=== EXERCISE PROMPT ===
Write each entry out again verbatim, pictures excluded.

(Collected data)
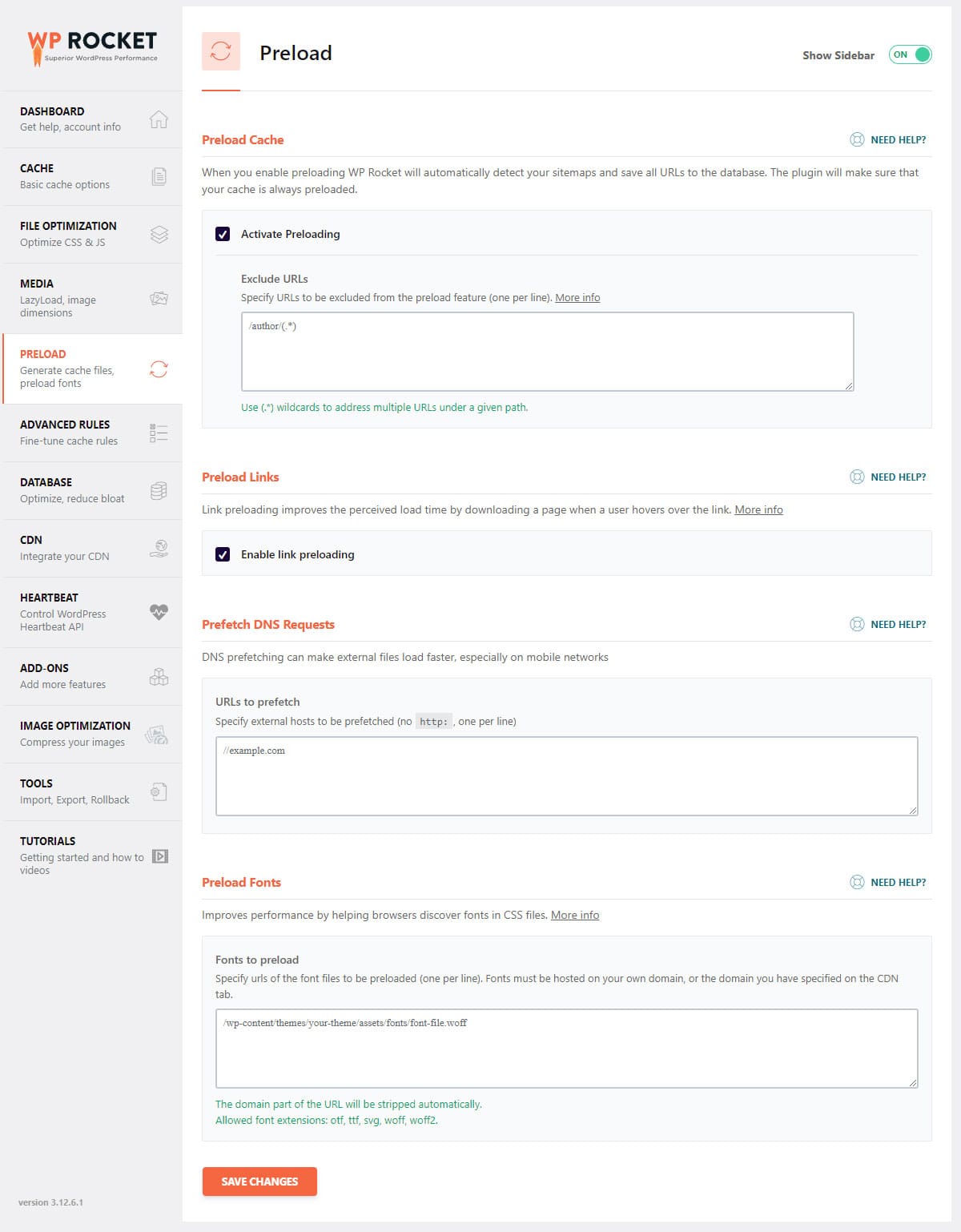 - Preload Fonts: Chỉ định các url của tệp phông chữ sẽ được tải trước (một url trên mỗi dòng). Phông chữ phải được lưu trữ trên miền của riêng bạn hoặc miền bạn đã chỉ định trên tab CDN.
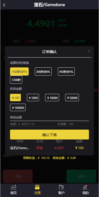一套二开前端UI得贵金属微交易系统,前端产品后台可任意更换
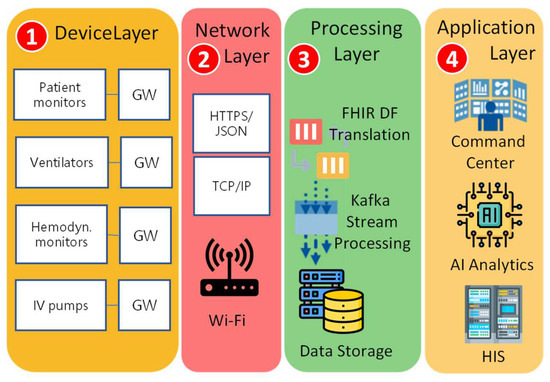 The medical crew at CMUH-RICU obtains information through a main panel interfaced by the command center, which is a critical part of CMUH-RICU. The medical data paths supporting user access requirements are structured into four layers as per the reference model [19,20], as depicted in Figure 5:
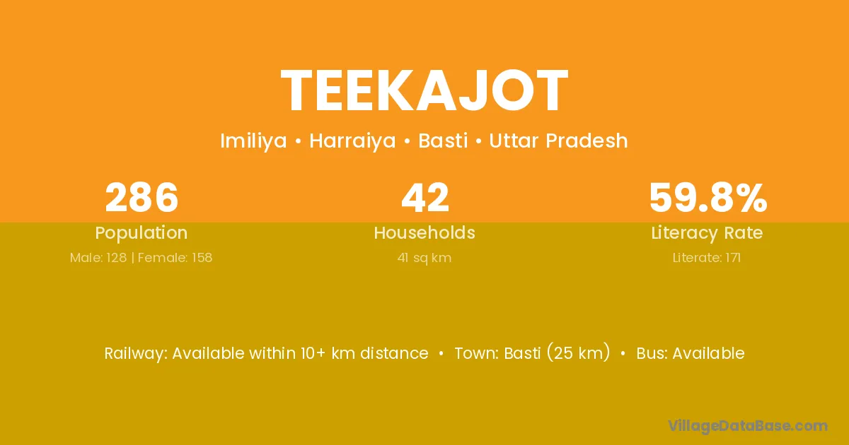 Basti (25 km) is the nearest town to Teekajot village for major economic activities and is located approximately 25 km away.
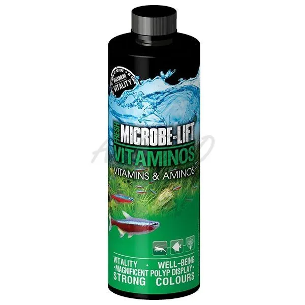 • Vitaminos  je špeciálne vyvinutý doplnok stravy s vitamínmi a aminokyselinami pre všetky sladkovodné akváriá.
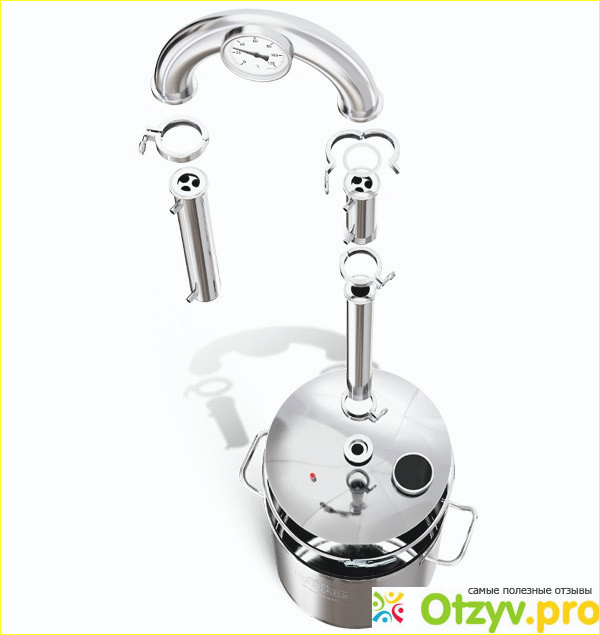 Самогонный аппарат состоит из обыкновенной кастрюли и колонны со всеми прибамбасами (термометры, манометры, охладитель, сетки, клапан, прокладки), такой аппарат сертифицирован и не вызывает опасения (работает под высоким давлением), есть возможность выбора объема (двенадцать, тридцать, пятьдесят литров), мы купили на тридцать литров за девять тысяч девятьсот девяносто рублей.

=== YOUR SOLUTION ===
 - Preload Fonts: Chỉ định các url của tệp phông chữ sẽ được tải trước (một url trên mỗi dòng). Phông chữ phải được lưu trữ trên miền của riêng bạn hoặc miền bạn đã chỉ định trên tab CDN.
一套二开前端UI得贵金属微交易系统,前端产品后台可任意更换
 The medical crew at CMUH-RICU obtains information through a main panel interfaced by the command center, which is a critical part of CMUH-RICU. The medical data paths supporting user access requirements are structured into four layers as per the reference model [19,20], as depicted in Figure 5:
 Basti (25 km) is the nearest town to Teekajot village for major economic activities and is located approximately 25 km away.
 • Vitaminos  je špeciálne vyvinutý doplnok stravy s vitamínmi a aminokyselinami pre všetky sladkovodné akváriá.
 Самогонный аппарат состоит из обыкновенной кастрюли и колонны со всеми прибамбасами (термометры, манометры, охладитель, сетки, клапан, прокладки), такой аппарат сертифицирован и не вызывает опасения (работает под высоким давлением), есть возможность выбора объема (двенадцать, тридцать, пятьдесят литров), мы купили на тридцать литров за девять тысяч девятьсот девяносто рублей.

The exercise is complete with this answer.